Главный рынок наемничества представляла Фландрия (особенно Брабант, откуда брабансоны), так как в этом углу Европы было удобно вербовать и Германии, и Франции, и Англии. Уже в 1171 г. между Фридрихом Барбаросса и французским королем Людовиком VII было заключено взаимное обязательство — не терпеть в своих государствах «бесславных людей, брабансонами или которелями называемых». Ни один их вассал не должен был допускать, чтобы такой человек (т. е. бывший наемник) женился на их земле или поступил на постоянную службу. За предоставление работы и угла демобилизованному епископ отлучал от церкви (!), а соседи силой принуждали выгнать демобилизованного. Через 8 лет Латеранский собор грозил сильнейшими карами против наемников всех категорий и национальностей, а в 1215 г. Великая Хартия Вольности вовсе запрещала наемничество.
В этих условиях вызываемые к существованию каждой войной наемники поневоле, как люди, которых демобилизация ставила вне закона, складывались в тесно сплоченные товарищества, в компании. В особенно трудном положении оказывалась Франция в перерывы Столетней войны. Но чтобы дать отпор английским наемным войскам, французы были вынуждены завести и у себя многочисленные наемные части.
Когда война затихала, на территории Франции оказывались поставленные вне закона, но крепко сплоченные, английские и французские компании. Это были, на наши деньги, очень похоже на акционерные общества. Предводимая протопопом Арно-де-Серволь банда так и звалась — «Общество для достижения прибыли». В общем рыночек решал — «компании» делили между собой страну и грабили каждая свой участок. В 1362 году, когда против них было мобилизовано феодальное ополчение, компании собрались близ Лиона в числе до 15 тыс. бойцов и в сражении при Бринье наголову разбили графа Танервиля с ополчением Бургундии, Шалона и Лиона. Королевские силы были окружены, потеснены, и бой решил удар во фланг. Цитата из источника: «банды лезли тесно сплоченными рядами, как щетка», то есть мы имеем по видимому косплей шотландцев. Но не тех которые из «Храброго Сердца», с деревянными палками, а реальных, с минимум 4-х метровыми пиками, с длинными стальными наконечниками.

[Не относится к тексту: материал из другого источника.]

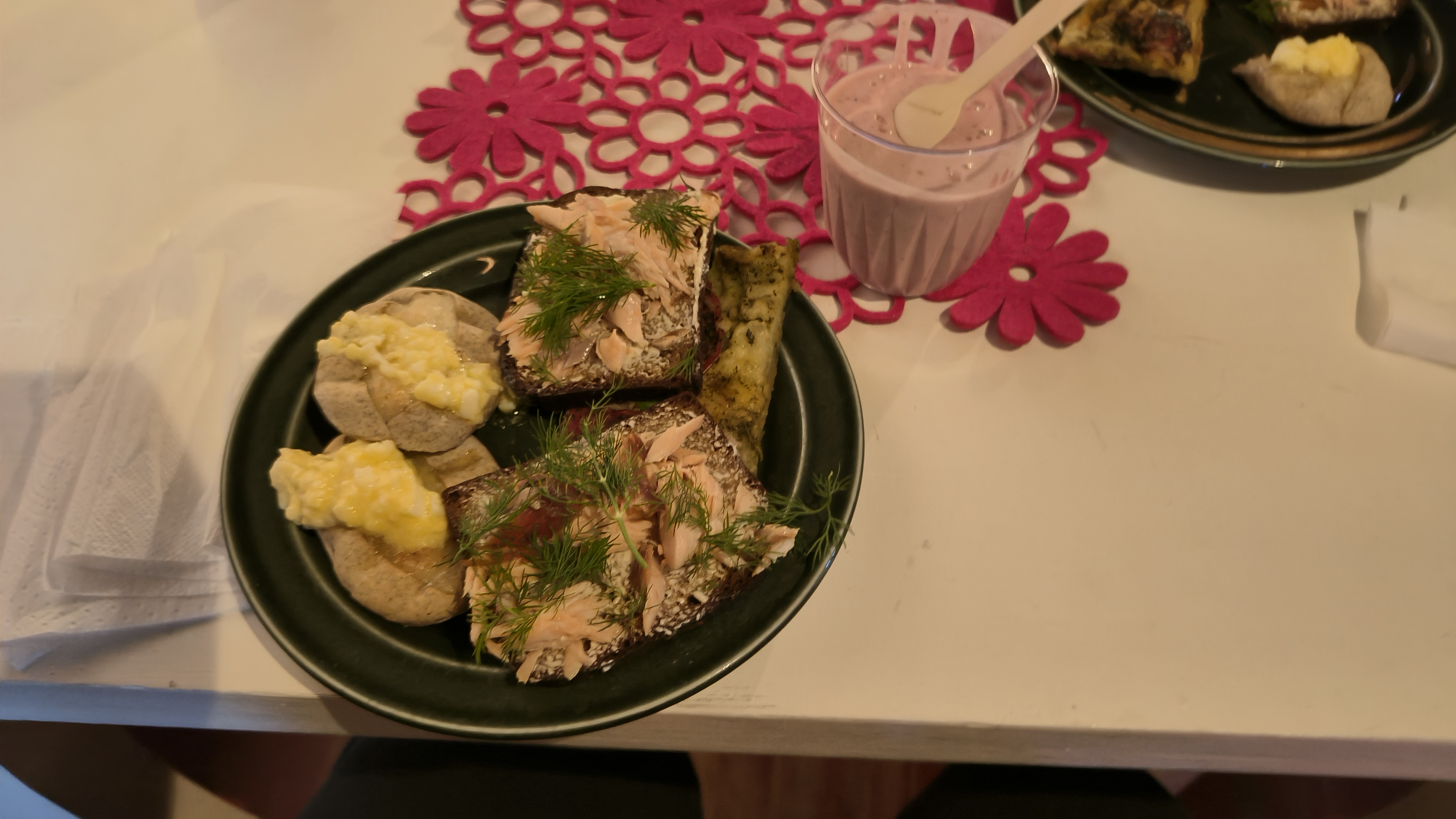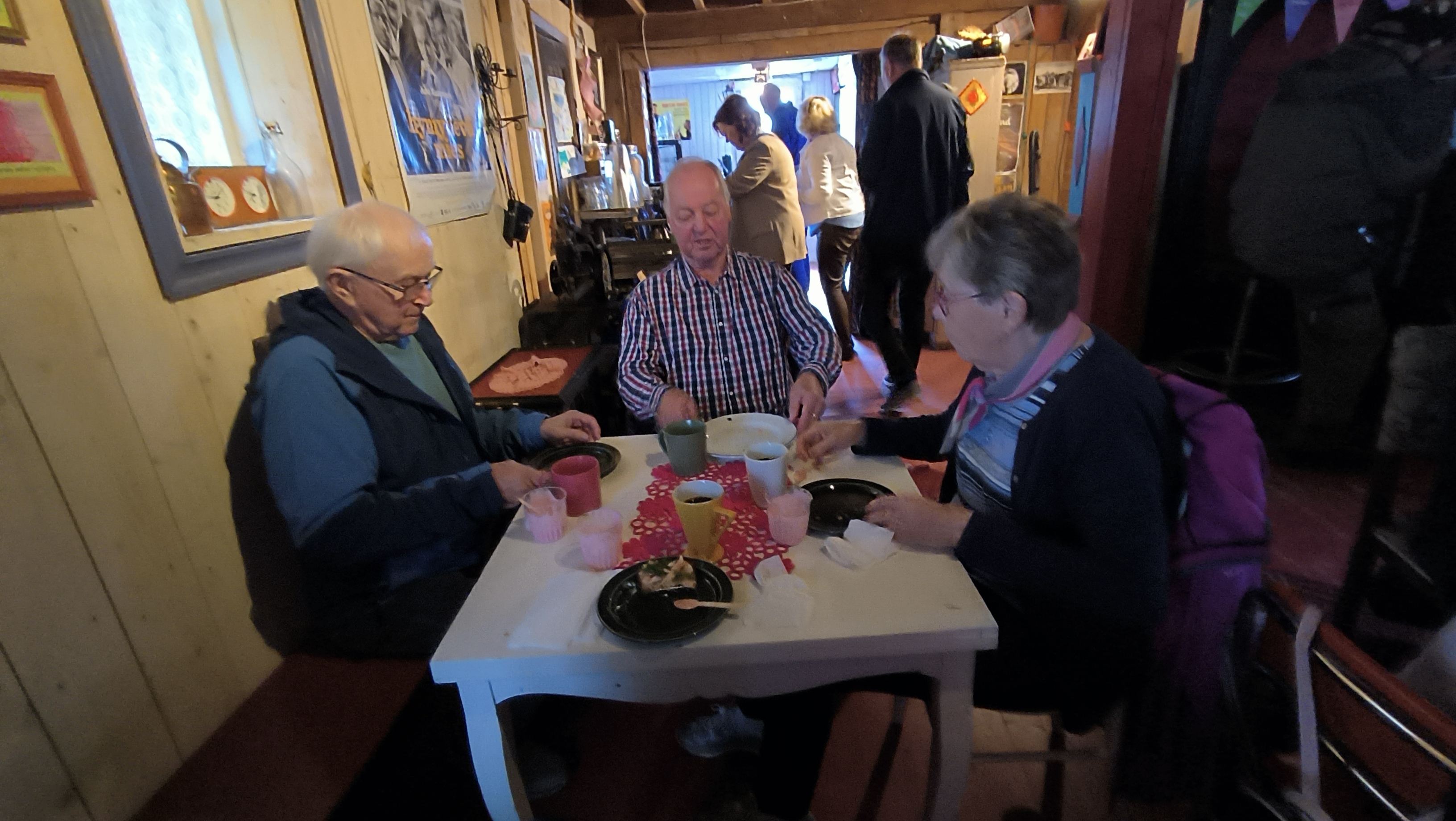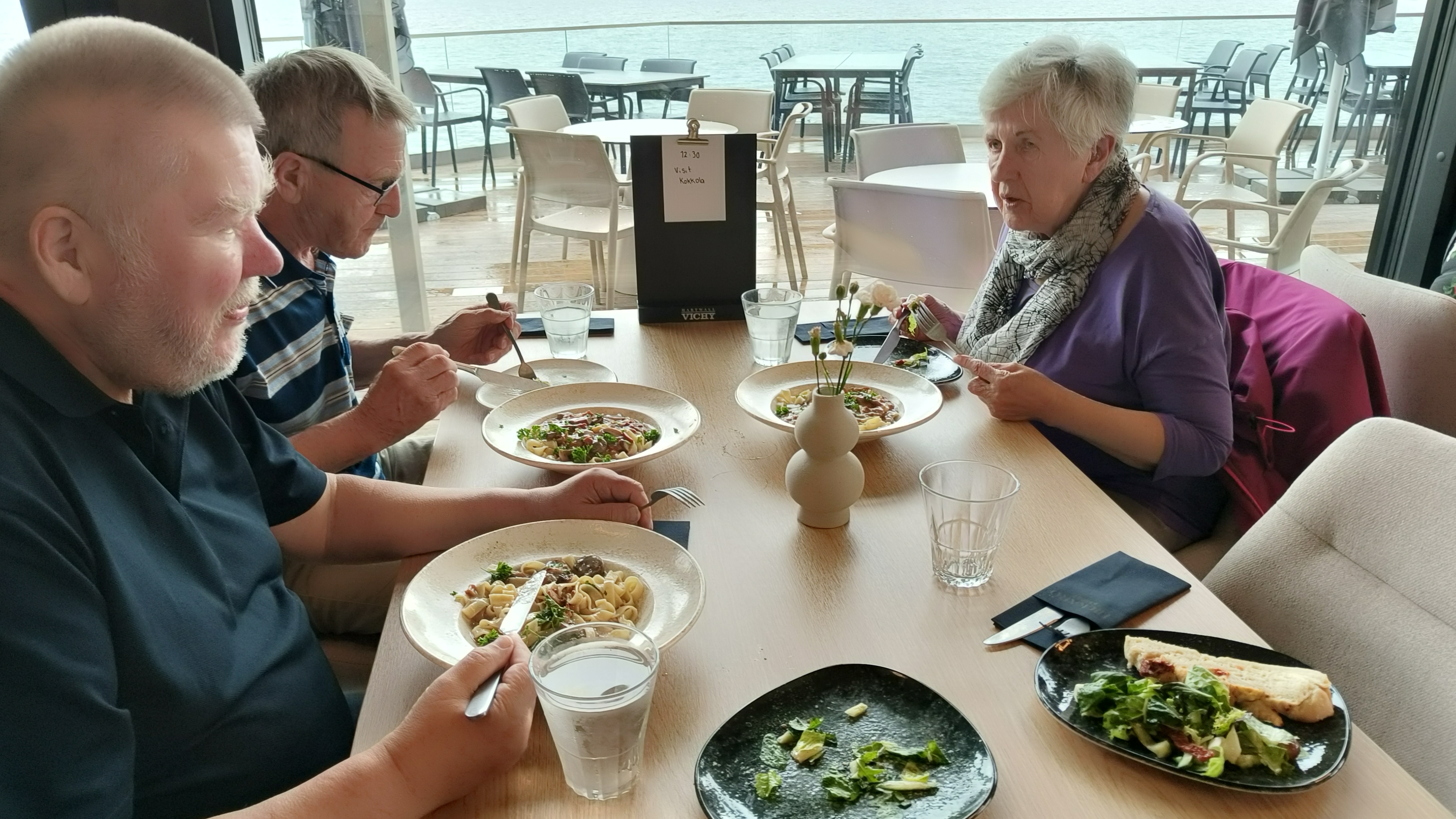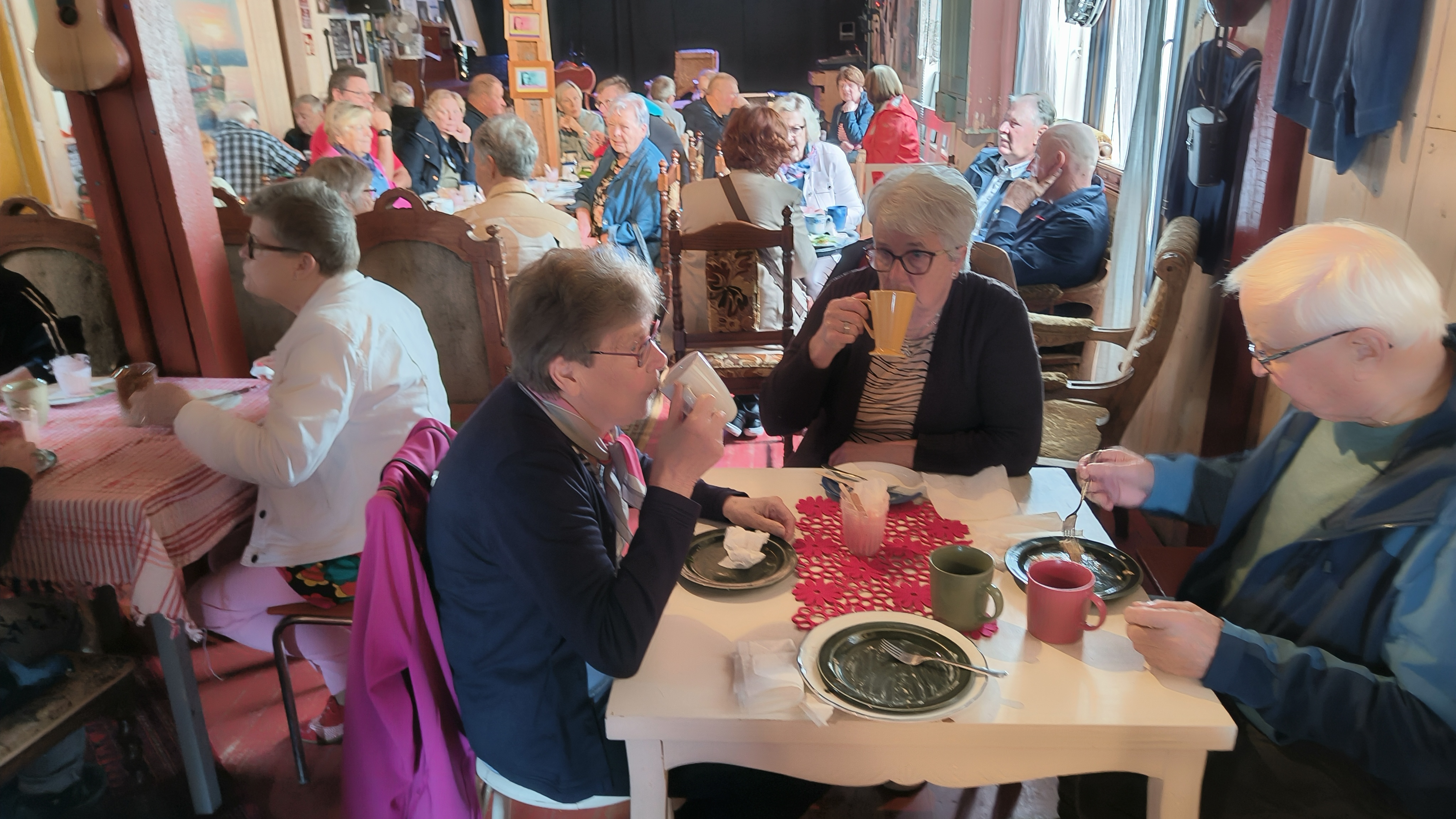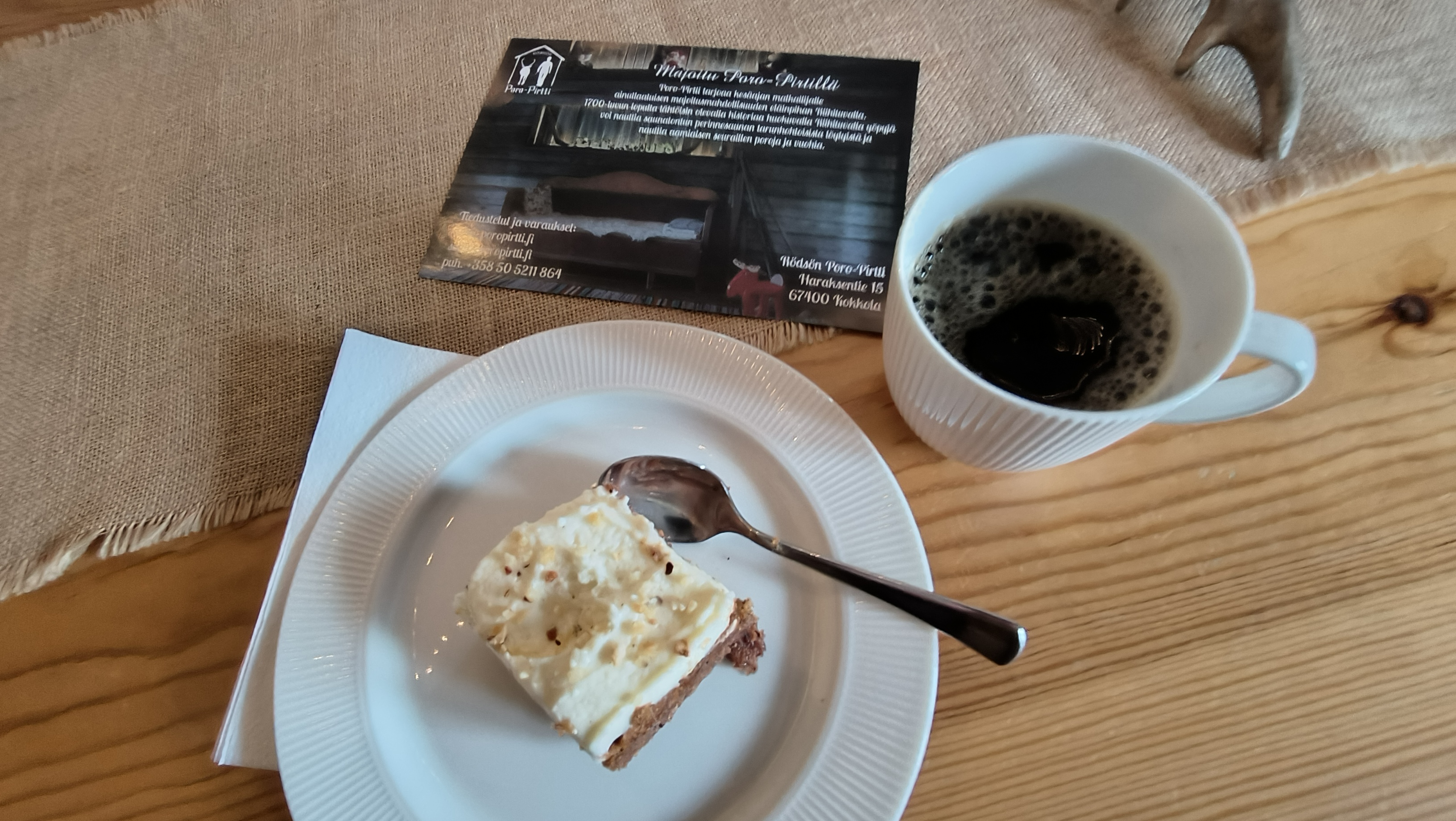 Sateisessa säässä matkattiin kohti Kokkolaa ja Ykspihlajaa. Ensimmäinen yllätyksellinen pysähdys oli Kahvila Saha Ykspihlajassa jossa meille oli luvassa Outi Airolan aamupala. Voi ihmettä minkälainen paikka sieltä löytyi ja todellinen aamupala: mm. karjalanpiirakat ja munavoi, saaristolaisleipää lohella, salamipiirakkaa. Lisäksi smoothit sekä kaffit omenapiirakan ja vanilijakastikkeen kera.

Франция, которая тогда как раз таки вступила в начало абсолютизма, имела у себя на территории армию, которая в любой момент могла от безделья начать грабить, насиловать и убивать (причем не обязательно в таком порядке) всех вокруг. Французские Помазанники Божьи проявляли чудеса вертлявости, что бы лихим парням было чем заняться.
Из особо примечательных выкрутасов — однажды наемников удалось заманить в крестовый поход против турок. В другой раз — в Испанию, поддерживать претендента на престол.
А в этот раз, знаменитая извращенной жестокостью огромная компания, прозванная «Живодерами», вместе с нелюбимым сыном была отправлена в мерзкую глушь — бедную, неприветливую Швейцарию.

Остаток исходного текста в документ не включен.